You might use AWS console (https://us-west-2.console.aws.amazon.com/aos/home?region=us-west-2#opensearch/get-started-serverless) or aws cli to check the status
* %aws bedrock-agent list-agents
* %aws bedrock-agent list-agent-aliases --agent-id \<agent_id>
* %aws bedrock-agent list-knowledge-bases
* %aws bedrock-agent list-agent-knowledge-bases

In [None]:
#%run ./create-agent-with-knowledge-base-and-action-group.ipynb

### Upon successful complettion of the Amazon Bedrock agent creation, define a node to invoke the agent.  

In [None]:
####
# Bedrock agent integration
####
import uuid
import logging
from datetime import datetime
%store -r agent_id
%store -r alias_id

def invoke_BR_agent(agent_id, alias_id, query, enable_trace=False, session_state=dict()):
    session_id = str(uuid.uuid1())
    end_session = False
    logger = logging.getLogger(__name__)
    
    # invoke the agent API
    agentResponse = bedrock_agent_runtime_client.invoke_agent(
        inputText=query,
        agentId=agent_id,
        agentAliasId=alias_id, 
        sessionId=session_id,
        enableTrace=enable_trace, 
        endSession= end_session,
        sessionState=session_state
    )
    
    if enable_trace:
        logger.info(pprint.pprint(agentResponse))
    
    event_stream = agentResponse['completion']
    try:
        for event in event_stream:        
            if 'chunk' in event:
                data = event['chunk']['bytes']
                if enable_trace:
                    logger.info(f"Final answer ->\n{data.decode('utf8')}")
                agent_answer = data.decode('utf8')
                end_event_received = True
                return agent_answer
                # End event indicates that the request finished successfully
            elif 'trace' in event:
                if enable_trace:
                    logger.info(json.dumps(event['trace'], indent=2))
            else:
                raise Exception("unexpected event.", event)
    except Exception as e:
        raise Exception("unexpected event.", e)

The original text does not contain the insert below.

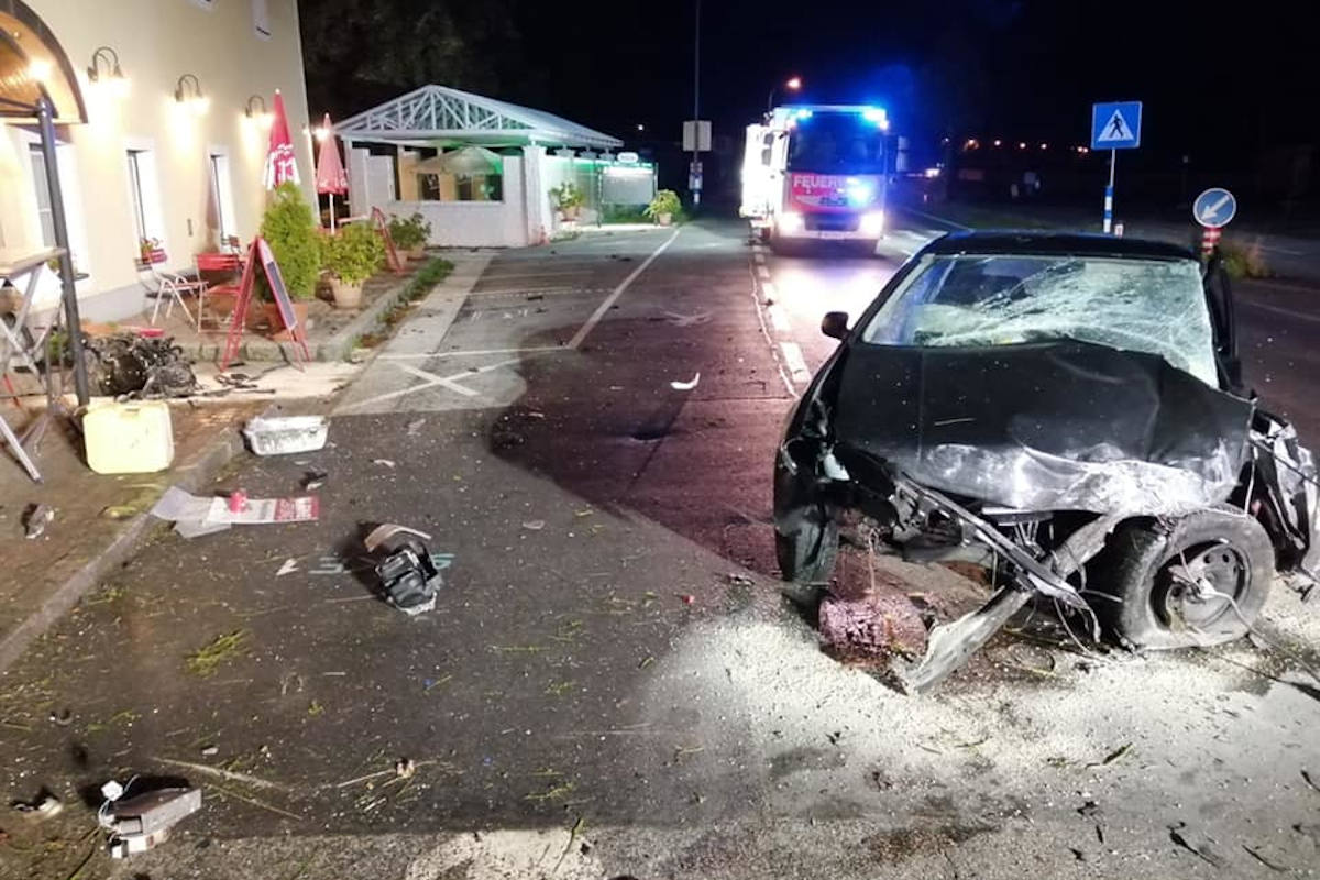 Aus bislang unbekannter Ursache verlor die Herrschaft über seinen PKW, kollidierte mit einer Mauer und schleuderte gegen eine Laterne. Durch den Unfall wurde der Motorblock samt Getriebe aus dem Fahrzeug gerissen, welche folglich einen überdachten Stehtisch sowie einen Blumentopf eines angrenzenden Gasthauses beschädigten. Durch den Unfall lösten beide Frontairbags aus.

def bedrock_agent_node(state:MultiAgentState):
    today = datetime.today().strftime('%b-%d-%Y')
    session_state = {
        "promptSessionAttributes": {
            "name": "John Doe",
            "today": today
        }
    }
    return {'answer': invoke_BR_agent(agent_id, alias_id, state["question"])}

## 4. Defining the Reasoning Flow with LangGraph Nodes and Edges

Implement nodes representing key actions: document retrieval, document grading, web search, and answer generation. Define conditional edges for decision-making: route the question, decide on document relevance, and grade the generated answer. Set up the workflow graph with entry points, nodes, and edges to ensure a logical progression through the RAG agent's steps. LangGraph allows us to define a graph-based workflow for our RAG agent, integrating document retrieval, question routing, answer generation, and self-correction into an efficient pipeline.

Key steps include:

* Question rewrite: Rewrite the query for better intend classification
* Routing: Deciding whether the question should go to the RAG, LLMs or a web search.
* Hallucination Grading: Ensuring the generated answer is grounded in the retrieved documents.
* Human in the loop: In case the answer fall bwloew desired quality, insert human feedback

LangGraph lets us seamlessly integrate these steps into a modular, adaptable workflow, enhancing the agent's ability to handle diverse queries.

In [None]:
orch = StateGraph(MultiAgentState)
orch.add_node("rewrite", rewrite_node)
orch.add_node("router", router_node)
orch.add_node('search_expert', search_expert_node)
orch.add_node('healthcare_expert', rag_node)
orch.add_node('general_assistant', llm_node)
orch.add_node('text2image_generation', t2i_node)
orch.add_node('booking_assistant', bedrock_agent_node)
orch.add_node('blog_writer', blog_writer_node)
#orch.add_node('hallucination_grader', hallucination_grader_node)
orch.add_node('human', human_feedback_node)
#orch.add_node('editor', editor_node)

orch.add_conditional_edges(
    "router", 
    route_question,
    {'VECTORSTORE': 'healthcare_expert', 'WEBSEARCH': 'search_expert', 'GENERAL': 'general_assistant', 
     'TEXT2IMAGE': 'text2image_generation','BOOKING': 'booking_assistant', 'BLOGWRITER':'blog_writer'}
)

orch.set_entry_point("rewrite")
orch.add_edge('rewrite', 'router')
#orch.add_edge('healthcare_expert', 'human')
orch.add_conditional_edges(
    "healthcare_expert",
    decide_to_search,
    {
        "to_human": "human",
        "do_search": "search_expert",
    },
)
#orch.add_edge('search_expert', 'human')
orch.add_conditional_edges(
    "search_expert",
    decide_to_search,
    {
        "to_human": "human",
        "do_search": "search_expert",
    },
)
#orch.add_edge('general_assistant', 'hallucination_grader')
orch.add_edge('booking_assistant', END)
#orch.add_edge('hallucination_grader', 'human')
orch.add_conditional_edges(
    "general_assistant",
    hallucination_grader,
    {
        "to_human": "human",
        "END": END,
    },
)
orch.add_edge('human', END)
#orch.add_edge('editor', END)
orch.add_edge('blog_writer', 'text2image_generation')
orch.add_edge('text2image_generation', END)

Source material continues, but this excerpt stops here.